Anna Lewandowska nie narzeka na nudę. Jest żoną, dumną mamą, bizneswoman, trenerką fitness, a od pewnego czasu nawet tańczy. To właśnie bachata pomogła jej odnaleźć ukojenie od trudów życia codziennego. Sportsmence nie sposób odmówić żyłki do interesów czy zaangażowania sportowego. Wszystko, co robi, stara się robić na sto procent. Tak też było i w tym wypadku.
Żona Roberta Lewandowskiego przez ostatni czas szlifowała swoje umiejętności taneczne pod okiem trenera. Swoimi postępami bardzo często chwaliła się w mediach społecznościowych. Niestety za każdym razem spotykała się z falą negatywnych komentarzy ze strony internautów.
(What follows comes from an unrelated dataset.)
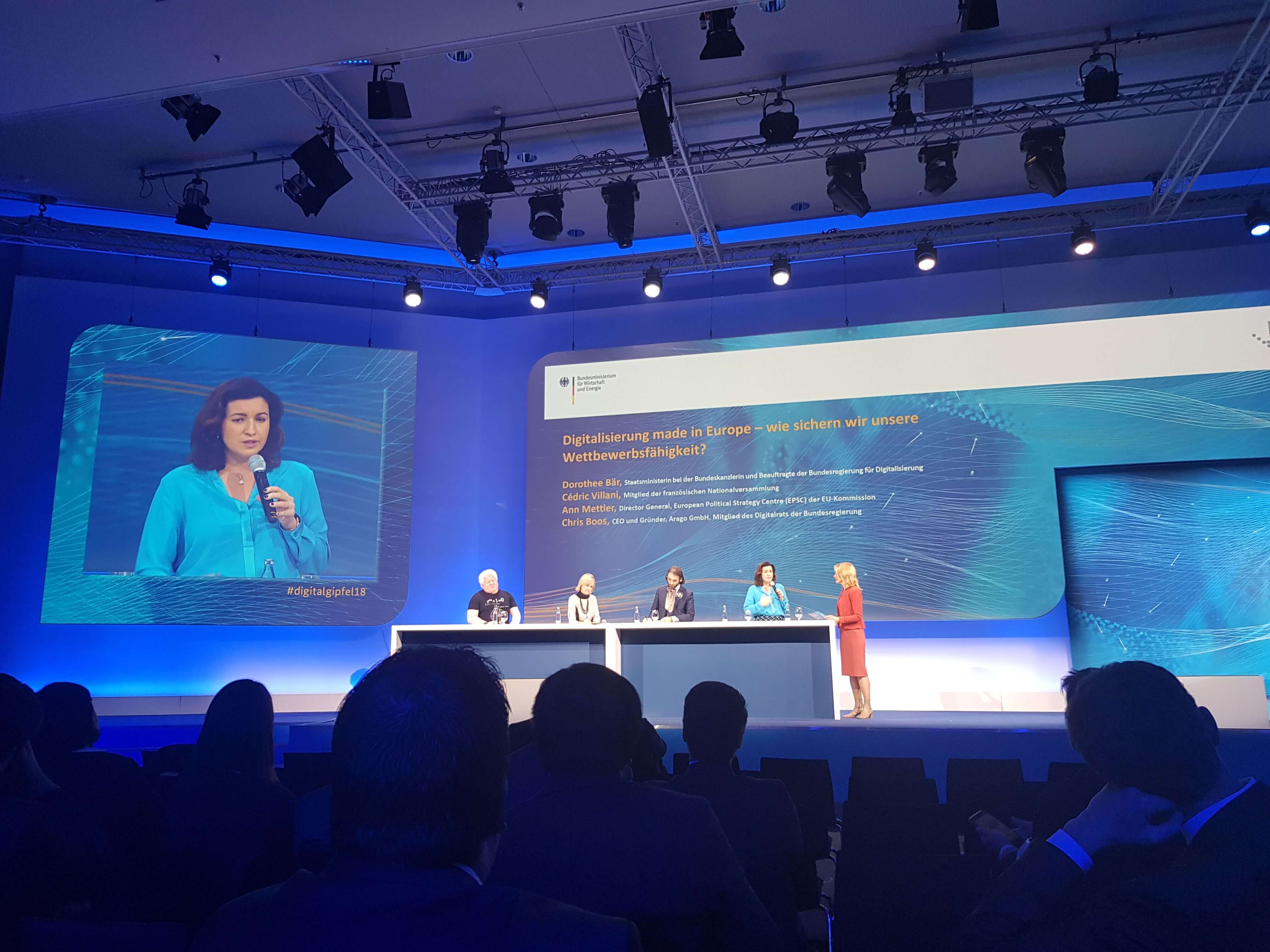 Die Podiumsdiskussion zu Industrie 4.0 konnte überraschenderweise nicht mit viel neuen, konkreten Aspekten dienen. Vielmehr entwickelte sich die Veranstaltung zwischenzeitlich zu einem spontanen Schlagabtausch zwischen Verbänden und Staatssekretären. Zum Schluss versuchten Vertreter der Telekom, mit digitalen Mythen in Bezug auf 5G aufzuräumen, z.B. „5G ist die Basis für Künstliche Intelligenz“ – für das Publikum sicherlich nur teilweise relevant. Wir wissen nun auf jeden Fall, dass die Telekom „jedes Funkloch persönlich kennt“ und dem Bund demnächst einen Stapel hängender Genehmigungsverfahren auf den Tisch legt. Insgesamt zeigen sich die Vertreter der Wirtschaft alle recht besorgt und nervös in Bezug auf die ePrivacy-Verordnung, da diese aus ihrer Sicht die Machine-to-Machine-Kommunikation einschränken und somit den Standort Europa schädigen würde.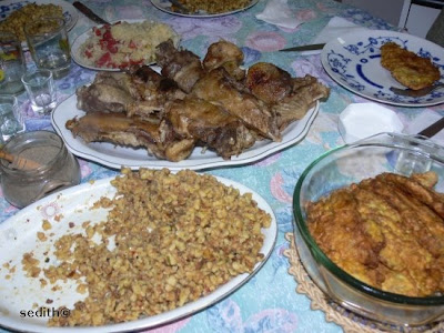 Főfogásnak pulykasült és bécsi szelet volt, körítve egy isteni, házi tarhonyával. Melléje pikáns sarvalt káposztát ettünk.

Zarzucają jej między innymi "drewniane" ruchy czy też brak poczucia rytmu.
"Nie da się być dobrym we wszystkim. Nie masz tej lekkości, seksapilu. Wyglądasz, jakbyś w myślach kroki liczyła. Lubię oglądać, jak ćwiczysz, ale nie jak tańczysz"; "Nie każdemu z tańcem jest po drodze"; "Niby technicznie ok, ale nie ma tej pasji, ognia"; "Taniec to nie zadanie. Panie Hakiel, pomocy"; "Nie masz, kochana, wyczucia rytmu" – wymieniali użytkownicy pod ostatnim tanecznym wideo na Instagramie.
Mimo fali hejtu i krytycznych komentarzy, które nieustannie na nią spadają, trenerka fitness podkreśla, że nie zamierza się poddać. Dalej będzie próbowała swoich sił w tańcu. Choć sportsmenka wielokrotnie podkreślała, że nie przejmuje się nienawistnymi wpisami, czara goryczy najprawdopodobniej się przelała.
Lewandowska postanowiła opublikować wymowne wideo na platformie TikTok, w którym odpowiedziała internautom na ich "eksperckie" wypowiedzi. Na zamieszczonym filmiku zwraca się do nich głosem... Szymona Hołowni. Żona "Lewego" wybrała wypowiedź nowego marszałka Sejmu, do której synchronicznie porusza ustami.
– Bardzo cenię Państwa komentarze i uwagi, natomiast zwracam uwagę z mojej perspektywy, że stają się odrobinę monotematyczne. Zachęcam do większej oryginalności, pracy intelektualnej. Obrazić też trzeba umieć – "mówi" na nagraniu Lewandowska głosem Hołowni.
Przypomnijmy, że cytowana wypowiedź skierowana była ze strony marszałka Sejmu pod adresem partii Prawa i Sprawiedliwości podczas pierwszego posiedzenia Sejmu X kadencji. Wideo postanowiła wymownie zatytułować: "Kiedy czytasz komentarze pod filmami, na których tańczysz bachatę". W opisie dodała: "To co, wrzucić kolejny taniec?".
Żartobliwe wideo Lewandowskiej ewidentnie przypadło do gustu użytkownikom TikToka, o czym dali znać w sekcji komentarzy. "Dokładnie! Jesteś Super Aniu"; "Koooocham"; "Dobre, ale chyba zbyt wiele od niektórych wymagasz"; "Świetny komentarz! Zrobiłaś fantastyczny postęp, jesteś odważna i zdeterminowana. GO GIRL! Najłatwiej jest skrytykować, siedząc na kanapie"; "Prawidłowo Aniu!"; "Haha, świetny filmik!" – czytamy.